Why? Because the firm's customers aren't opening e-mails.

The Indianapolis-based company, a volume buying service for small truck fleets, will raise its total mail volume to 60,000 pieces per quarter, compared with 35,000 pieces in 2005, said marketing director Sommer Sweeney.

TruckersB2B has been growing steadily. At the end of 2002 it had 11,400 fleets representing 319,300 trucks as members; by last December it had enrolled 19,929 fleets, or 424,981 trucks.

According to Sweeney, over the last three years the firm has sent some 2,500 e-mails per month to inform members about how much they're receiving in rebates from TruckersB2B's vendor partners, and to introduce new products. But direct mail has proven more effective, especially given the declining open rates for the e-mailings, she said.

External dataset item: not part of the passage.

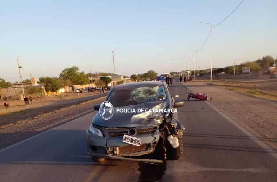 En el lugar, los policías constataron que, mientras un joven identificado como Esteban Ezequiel Ruedas (26), oriundo de la Provincia de Buenos Aires, circulaba en una motocicleta Honda CG Titán 150 cc., dominio 891-JZE, de color rojo, por motivos que se investigan colisionó con un automóvil Volkswagen Gold Trend verde, dominio LDQ-252, al mando de Miguel Ángel Navarreta (46), en compañía de Sandra Rosario Cejas (46).

Last year TruckersB2B dropped oversize postcards to 7,000 fleets to promote Wabash National Trailer Corp., which led to a threefold increase in purchases from this company during the following three months, Sweeney said. Truckers B2B also has used co-branded letters and coupon booklets in mailings with vendors such as Michelin, and it got a 3.1% response two years ago to a 14,000-piece coupon mailing that advertised tires from Goodyear Tire & Rubber Co.

That effort, budgeted at less than $50,000, was designed to increase Goodyear's sales and market share among TruckersB2B members while building the group's membership base. The coupons entitled recipients to $20-per-tire rebates on purchases of up to 100 select Goodyear commercial truck tires. In the end, 580 coupons were redeemed for rebates. Of those, 256 came from new members who joined when they used the coupons; the remaining 324 were turned in by existing members.

The mailing piece asked for information like principal contact name, the number of commercial tires and retreads bought within the past year, and whether the recipient used Goodyear tires or a competing brand. Recipients responded via a toll-free telephone number, fax or mail.